To see how it transforms, we will take a slight detour, and consider how it can be used to define determinants. So, let $\mathbf M^{n\times n}$ denote $n\times n$ matrices over lets say $\mathbb R$, and define $\det:\mathbf M^{n\times n}\to\mathbb R$ such that $$A=(a_{ij})\mapsto \det A := \sum_{i_1,i_2,\dots,i_n} \varepsilon_{i_1,i_2,\dots,i_n}a_{1i_1}a_{2i_2}\cdots a_{ni_n}.$$
To get the transformation law, we will write down this equation differently, and then set $A$ to be the Jacobian of a change of coordinates. This will give us what we need.
Let's use the summation convention from now on. First note that $\varepsilon_{i_1,i_2,\dots,i_n}\varepsilon_{i_1,i_2,\dots,i_n}=n!$, because the number of permutations of a set of $n$ elements is $n!$ - this product of Levi-Civitas will now give 1 whenever there is any permutation, and 0 when it's not, so it just counts the permutations.
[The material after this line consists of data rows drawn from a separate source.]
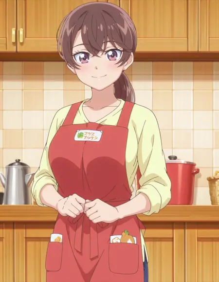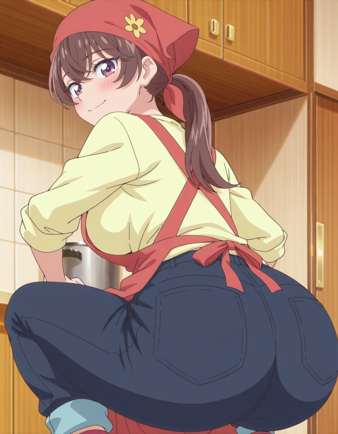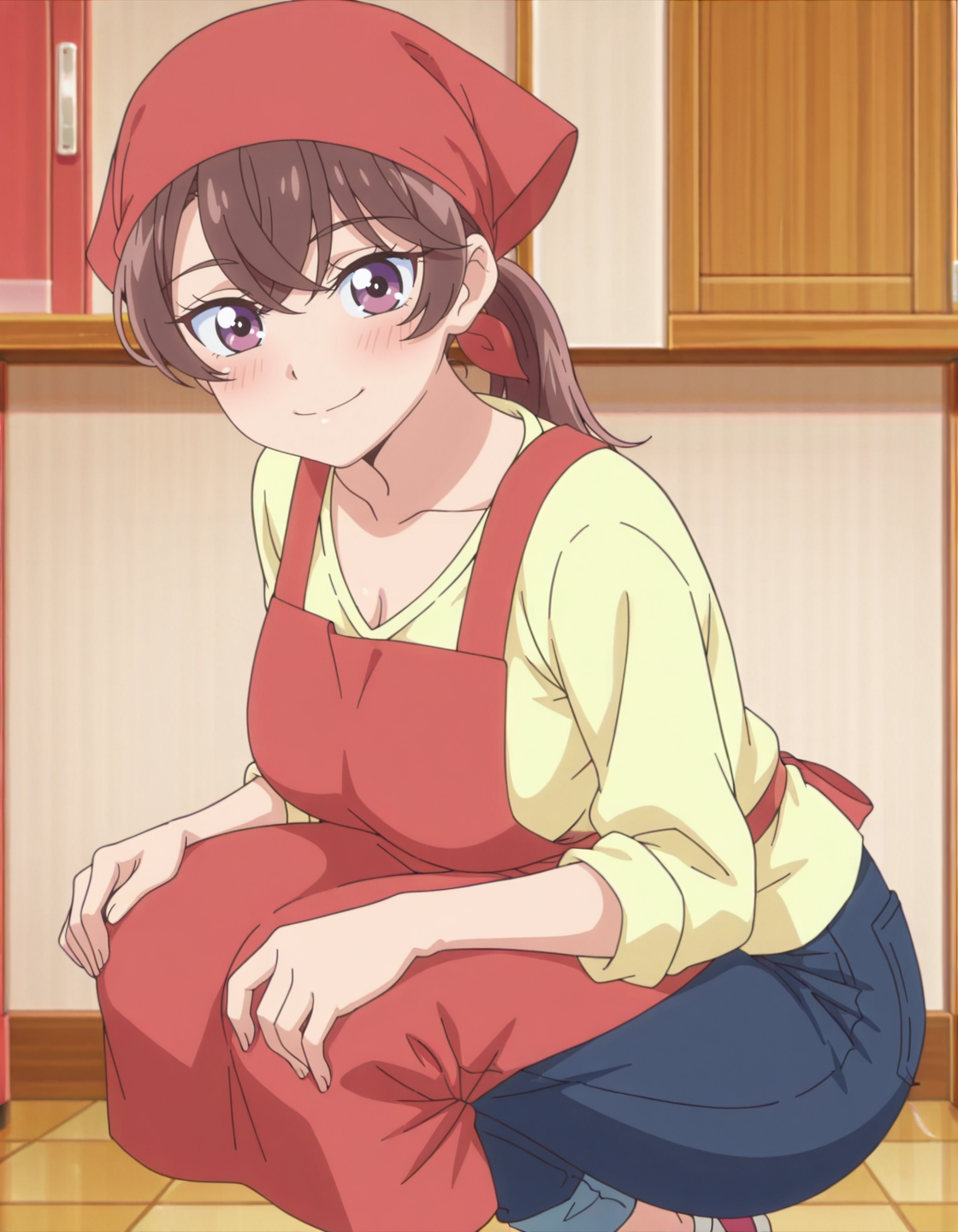 score_9, score_8_up, score_7_up, anime screencap, solo,1girl,apron,bandana,pants, brown hair, purple eyes, collarbone, yellow shirt, ponytail, bangs, long hair,hair between eyes,lora:nagomiakiho:0.8
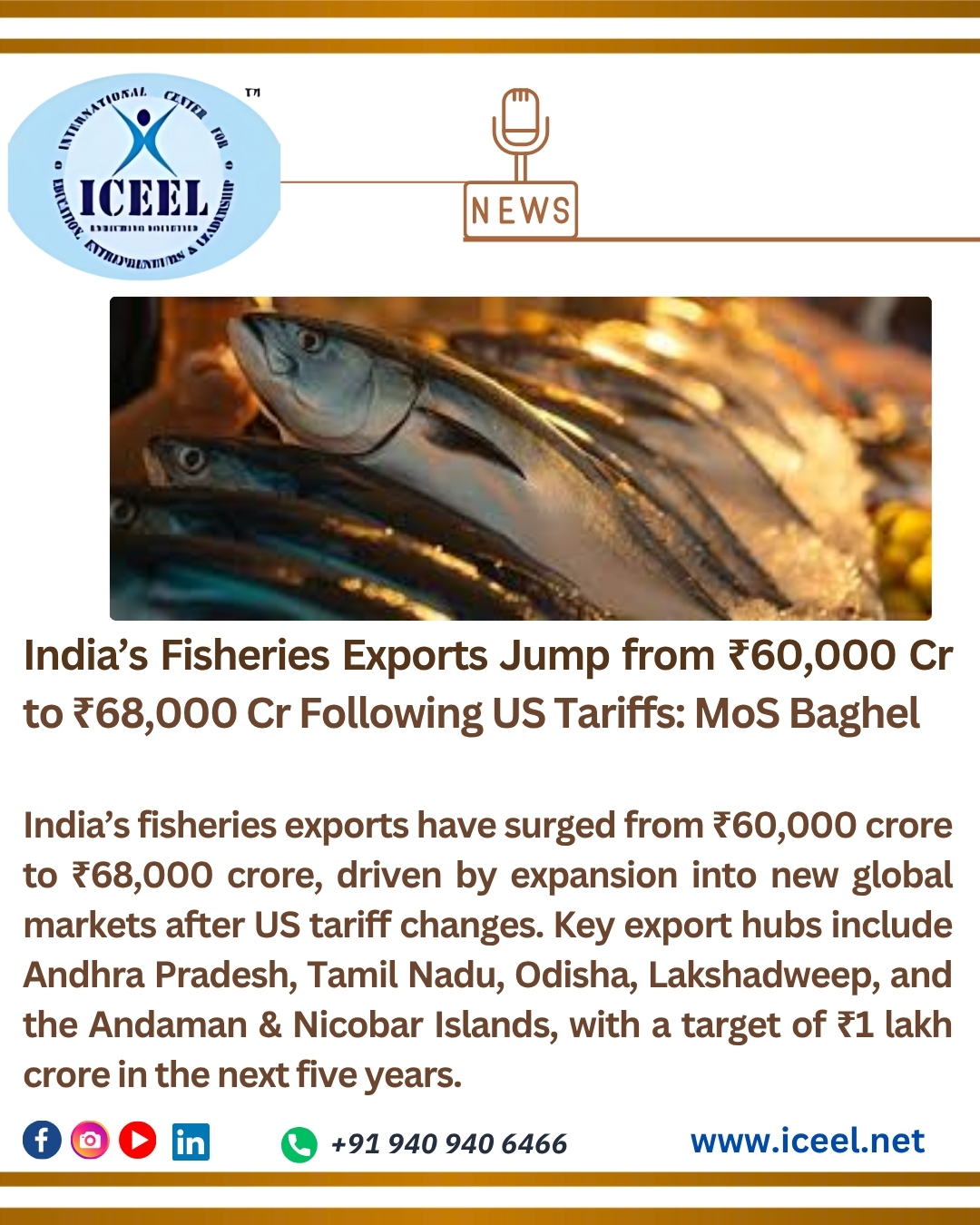 ๐๐ India’s Fisheries Exports on the Rise! India’s fisheries exports have grown significantly from โน60,000 crore to โน68,000 crore, as shared by MoS Fisheries S.P. Singh Baghel (April 11, 2026). This growth comes as India successfully tapped into new global markets after US tariff changes. ๐๐ โจ Key Highlights: โ๏ธ Market Diversification: Expanded exports to Europe, Latin America, the Middle East & Asia โ๏ธ Export Target: โน1 lakh crore in the next 5 years โ๏ธ Top Products: Prawns, tuna & other fish varieties โ๏ธ Key Hubs: Andhra Pradesh, Tamil Nadu, Odisha, Lakshadweep & Andaman & Nicobar Islands โ๏ธ Strong Growth: FY26 (Apr–Oct 2025) exports up 16% to $4.87 billion โ๏ธ New Opportunities: High growth in markets like Vietnam & China offset US slowdown ๐ India’s seafood sector is proving resilient and globally competitive!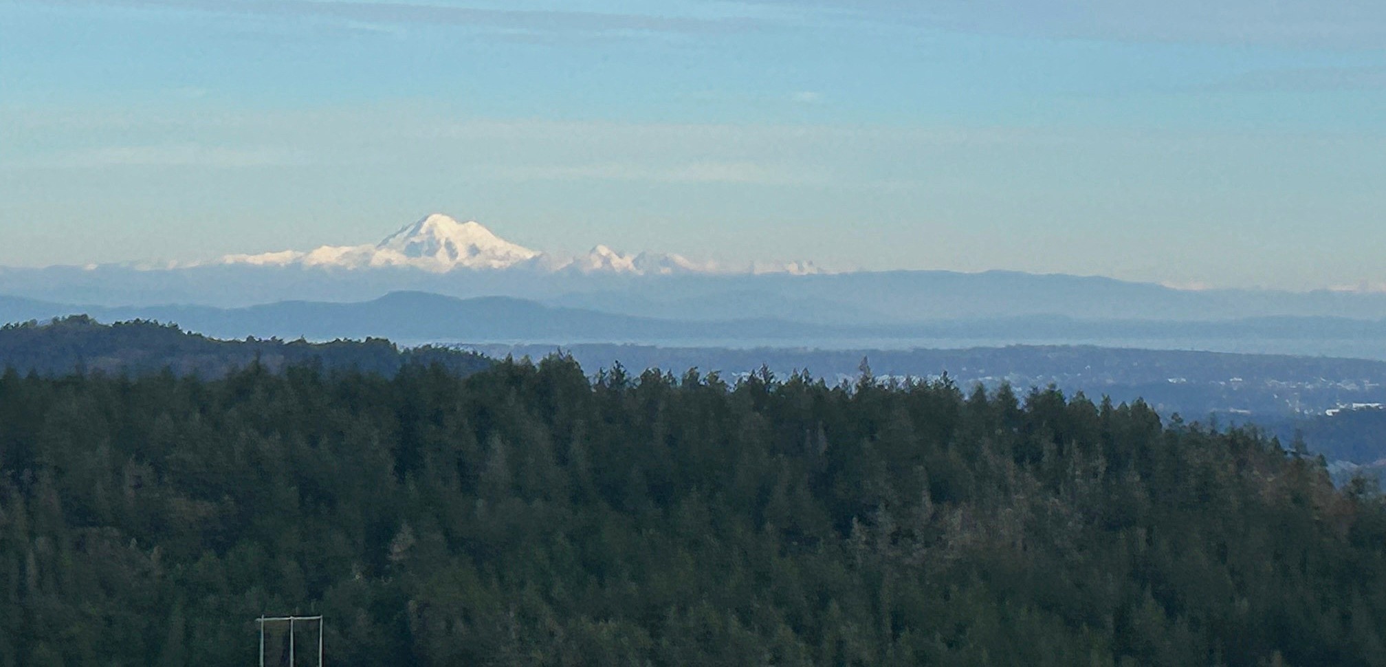 In consultation with the group we decided to skip Mike Hill and instead carry on to Crowsnest via a slightly bushwacky route up up the west slope that went extremely well and was barely bushy most of the way. The summit of Crowsnest was pretty windy, so we just paused for photos and oogling of the great view of Mt. Baker in the distance (photo below from Crowsnest, minus Roger taking the photo. Second photo a closeup on Mt. Baker).

Secondly, convince yourself that we could write $$\det A = \frac{1}{n!}\varepsilon_{j_1,j_2,\dots,j_n}\varepsilon_{i_1,i_2,\dots,i_n}a_{j_1i_1}a_{j_2i_2}\cdots a_{j_ni_n}.$$ We are doing the same sum as before, but overcounting by $n!$, hence the factor $1/n!$. Now multiply by $\varepsilon_{j_1,j_2,\dots,j_n}$ and sum: $$\varepsilon_{j_1,j_2,\dots,j_n}\det A = \varepsilon_{i_1,i_2,\dots,i_n}a_{j_1i_1}a_{j_2i_2}\cdots a_{j_ni_n}.$$
Good, now we can see about the $\sqrt{g}$ factors. Put $A=\big(\frac{\partial x_m}{\partial y_n}\big):$
$$\varepsilon_{i_1,i_2,\dots,i_n}\frac{\partial x_{i_1}}{\partial y_{j_1}}\frac{\partial x_{i_2}}{\partial y_{j_2}}\cdots \frac{\partial x_{i_n}}{\partial y_{j_n}}=\det\big(\frac{\partial x_m}{\partial y_n}\big)\varepsilon_{j_1,j_2,\dots,j_n}.$$
Therefore, we can't think of $\varepsilon_{i_1,i_2,\dots,i_n}$ as components of some $(0,n)$-tensor $$\varepsilon_{abc\dots} = \sum_{i_1,i_2,\dots,i_n}\varepsilon_{i_1,i_2,\dots,i_n} \mathrm d x^{i_1}\otimes \mathrm d x^{i_2}\otimes\dots\otimes\mathrm d x^{i_n}, $$ since it's components transform as $$\varepsilon_{j_1,j_2,\dots,j_n}=J^{-1}\varepsilon_{i_1,i_2,\dots,i_n}\frac{\partial x_{i_1}}{\partial y_{j_1}}\frac{\partial x_{i_2}}{\partial y_{j_2}}\cdots \frac{\partial x_{i_n}}{\partial y_{j_n}}$$ where $J$ is the Jacobian determinant, as before. The Jacobian shouldn't be there for this to be a tensor - the situation we have is that $\varepsilon_{abc\dots}$ is a tensor density, which is common enough to have a name! If our space is admits a metric tensor, however, we know that in a new basis $$\tilde g\equiv\det\left( \tilde g_{ab}\right)=\det\left(g_{\mu\nu}\frac{\partial x_{\mu}}{\partial y_{a}} \frac{\partial x_{\nu}}{\partial y_{b}}\right) \\=\det\left(\frac{\partial x_{\mu}}{\partial y_{a}}\right)\det\left(\frac{\partial x_{\nu}}{\partial y_{b}}\right)\det\left( g_{\mu\nu}\right)= J^2 g.$$
This means that while $\varepsilon$ gets an extra factor of $J^{-1}$, $g$ gets an extra factor of $J^2$. Therefore, the following transforms correctly:
$$e_{abc\dots}:=\sqrt{|g|} \varepsilon_{abc\dots}.$$
Now we raise the indices using the (inverse) metric:
$$e^{j_1\dots j_n}=\sqrt{|g|} g^{i_1 j_1}\cdots g^{i_n j_n}\varepsilon_{i_1\dots i_n}$$ where we use our second definitions for the determinant (but with all indices up!): $$e^{j_1\dots j_n}=\sqrt{|g|}\:\frac{1}{g}\:\varepsilon^{j_1\dots j_n}=\frac{1}{\sqrt{|g|}}\varepsilon^{j_1\dots j_n}.$$
Therefore, in your question, $\epsilon^{\mu\nu\rho\sigma}d^4x$ lacks a factor of $1/\sqrt{|g|}$... however, $d^4 x$ lacks a factor of $\sqrt{|g|}$! So the two precisely cancel each other out!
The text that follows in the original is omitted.